Rather than raising state corporate taxes across the board, SB1372 exaggerates California’s targeted approach to business taxation. The state already taxes financial institutions at a special, higher rate — a 10.84 percent levy on income instead of the 8.84 percent applied to other corporations. Now, DeSaulnier and Hancock want to single out corporations that pay their CEOs the most relative to the median income paid to their employees.
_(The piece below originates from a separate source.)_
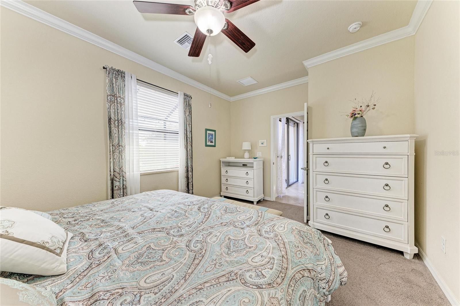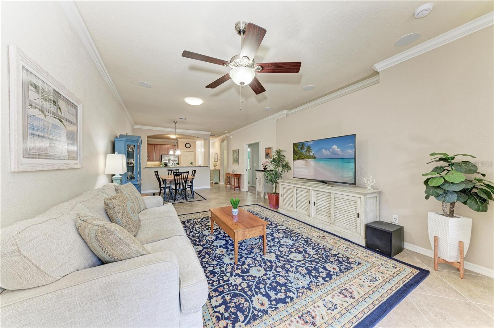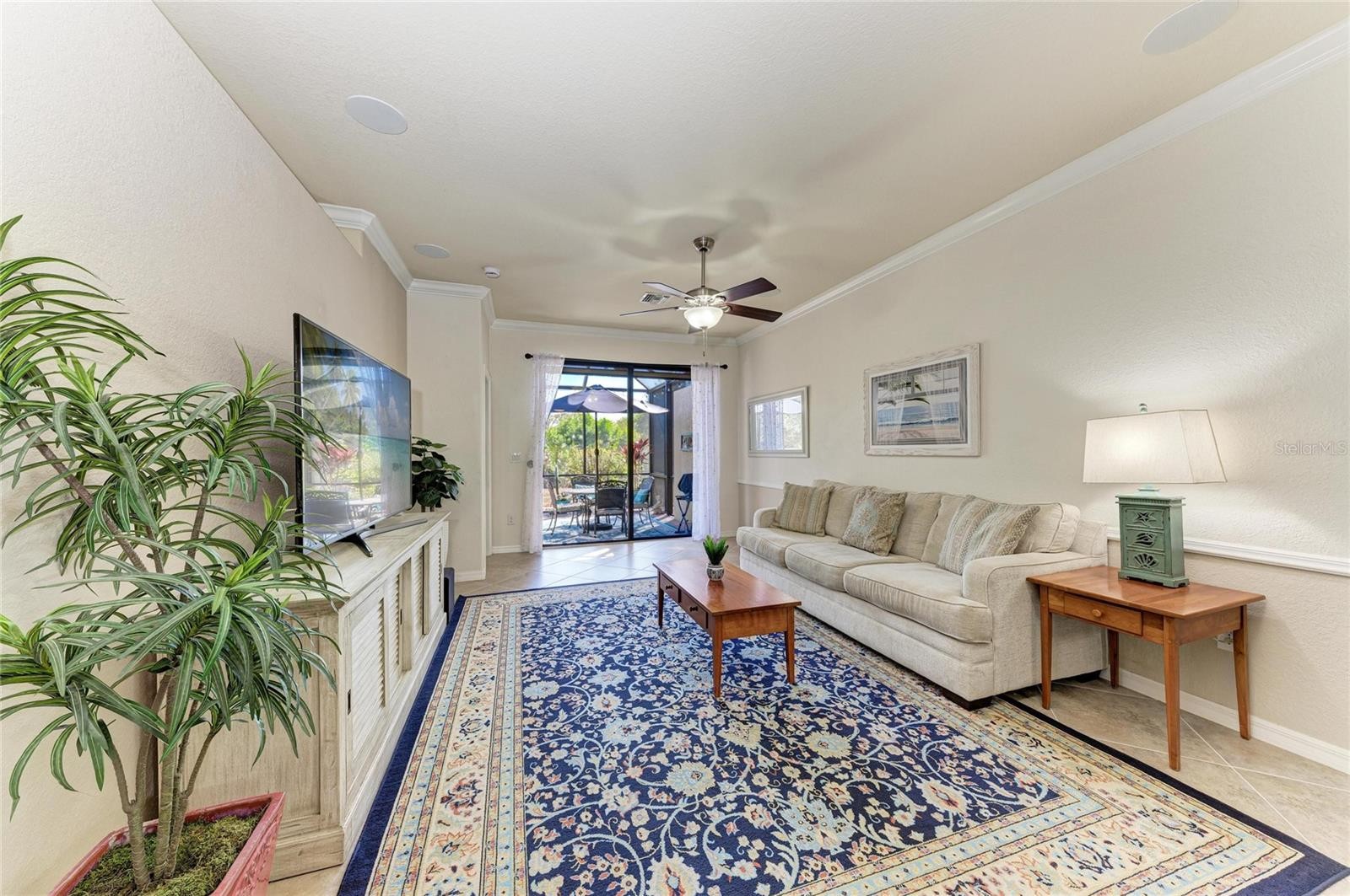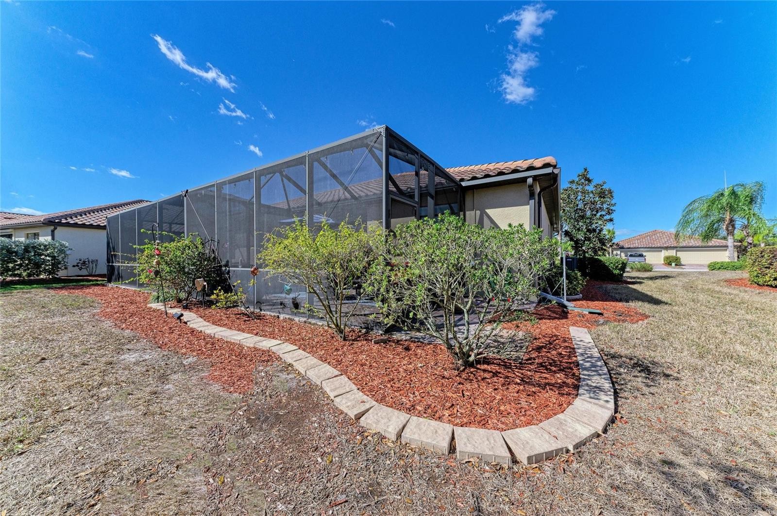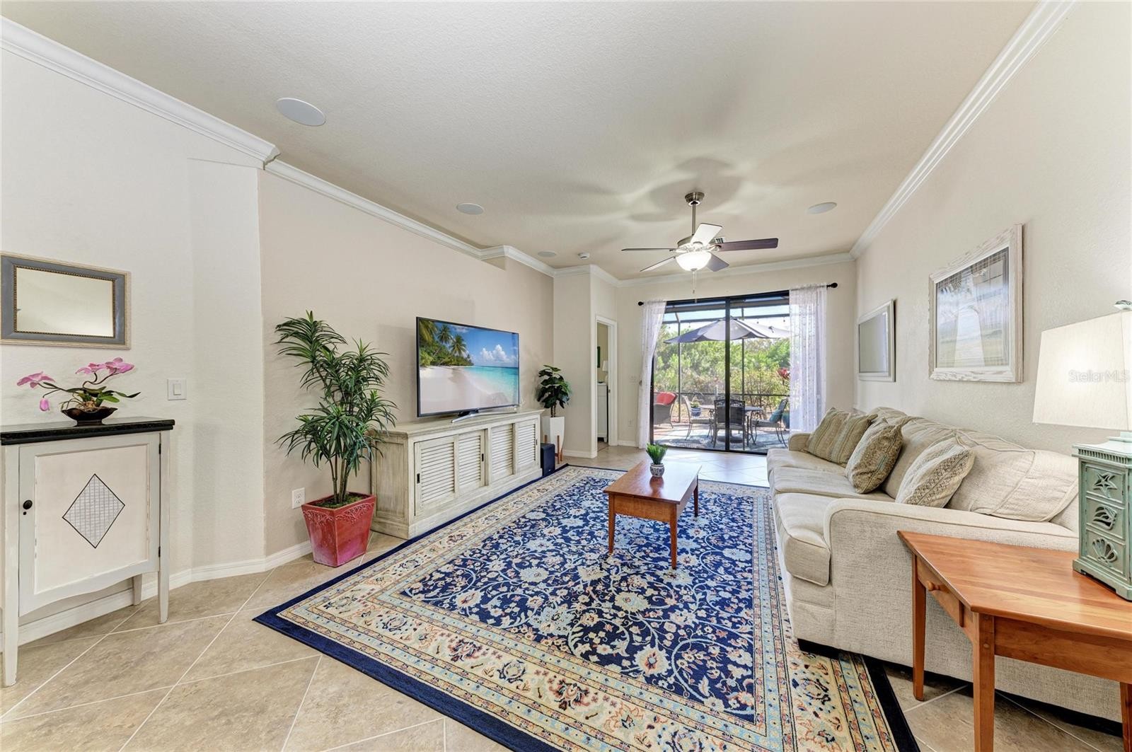 Welcome to this attractive villa in the gated, Tuscan-inspired community of Grand Paradiso. Ideally situated on our private preserve lot, this light-filled residence offers an open concept floor plan with diagonal porcelain tile flooring, crown molding, and updated LED lighting throughout. The extended lanai is a true highlight, featuring a motorized or retractable Kevlar hurricane screen and a tranquil preserve view, creating the perfect space for seamless indoor/ outdoor living year-round. The kitchen is equipped with granite countertops, a tile backsplash, under-cabinet lighting, a solar tube for natural light, an upgraded garbage disposal, and a new microwave (2025). The dining area features decorative wainscoting and a dimmable chandelier, flowing into a spacious living room with surround sound and abundant natural light. The primary suite features crown molding and a spa-style bath with solar tube lighting and a Gerber comfort-height toilet. The guest bath includes a walk-in shower with safety bars (added 2025). Additional features include a 2019 water heater, a whole-home water treatment system, ample garage storage, and pre-wiring for a future lanai hot tub. Enjoy maintenance-free living with resort-style amenities, including pool, spa, fitness center, tennis, pickleball, and an active social calendar. HOA fees includes free basic cable and Internet, and roof repair/replacement. All conveniently located near beaches, dining, shopping, golf, and downtown attractions. Can be sold furnished/turnkey-ready.

Instead of the flat rates currently imposed by law, SB1372 would create a complex sliding scale. The legislative counsel’s digest sums up the proposed changes in the following chart. Numbers in the left column refer to the percentage that CEO pay exceeds pay for a corporation’s median employee:

If the compensation ratio is: The applicable tax rate is:
Over zero but not over 25 7% upon the basis of net income
Over 25 but not over 50 7.5% upon the basis of net income
Over 50 but not over 100 8% upon the basis of net income
Over 100 but not over 150 9% upon the basis of net income
Over 150 but not over 200 9.5% upon the basis of net income
Over 200 but not over 250 10% upon the basis of net income
Over 250 but not over 300 11% upon the basis of net income
Over 300 but not over 400 12% upon the basis of net income
Over 400 13% upon the basis of net income

In other words, SB1372 does two things. Not only does it penalize some corporations for their pay structure — it rewards others for their own.

Critics have argued that the bill’s approach is unwise because it’s bad for business. If California is going to use tax policy to modify behavior, they say, legislators should create incentives that create jobs. As the state continues to suffer high-profile job losses, pro-business advocates in California fear that higher rates and more complicated tax interventions will discourage new business formation and relocation.

A national battle

At the same time, broader concerns persist. California Democrats targeting CEO pay are pursuing an agenda that’s integrated with a national election-year strategy focused around the so-called income inequality issue. At the federal level, that involves a synchronized push for higher minimum wages. (One California Democrat, Rep. Barbara Lee, wants a $26 an hour minimum wage.)

Labor unions, meanwhile, are playing a significant role in the campaign. The AFL-CIO, for instance, recently focused on pay disparity in its annual “Executive Paywatch” report. One prominent talking point emphasized that, for S&P 500 companies, the average profit per employee topped $41,000. The report implied that high-end CEO pay unjustifiably spends company profits on executives, not workers.

The report, however, obscures one reason for pay disparity that SB1372 also does not take into account. Profit per employee may be an important new metric in business analysis, as the influential consulting giant McKinsey has pointed out. Understanding CEO pay scales, however, requires a detailed comparison between types of business models.

Profit per employee varies dramatically across industry sectors. Data collected in 2009, for instance, shows that finance, media and tech companies reap in excess of $150,000 per employee. In the food, airline and pet industry, by contrast, profit per employee falls far below $25,000.

The significance of these differences shows up in how much workers would stand to gain from redistributed CEO salaries. To take one example, Oracle CEO Larry Ellison’s chart-topping salary of $78.4 million would translate into just $930 a year in extra pre-tax income for each of Oracle’s employees. In industries with much narrower profits per employee, the cash value to employees of redistributed CEO pay can be vanishingly small.

As a result, the effect of SB1372 would be to penalize corporations without regard to their profit per employee. That’s at odds with its intended goal of using tax policy to pressure companies to improve their employees’ economic fortunes. Especially in industries with a low profit per employee, narrowing pay disparity will have no measurable effect.

For that reason, SB1372 is likely to meet stiff resistance, despite its support among high-profile national Democrats. Although Republicans are weak in California, nationwide opposition to wage legislation is powerful and well-organized.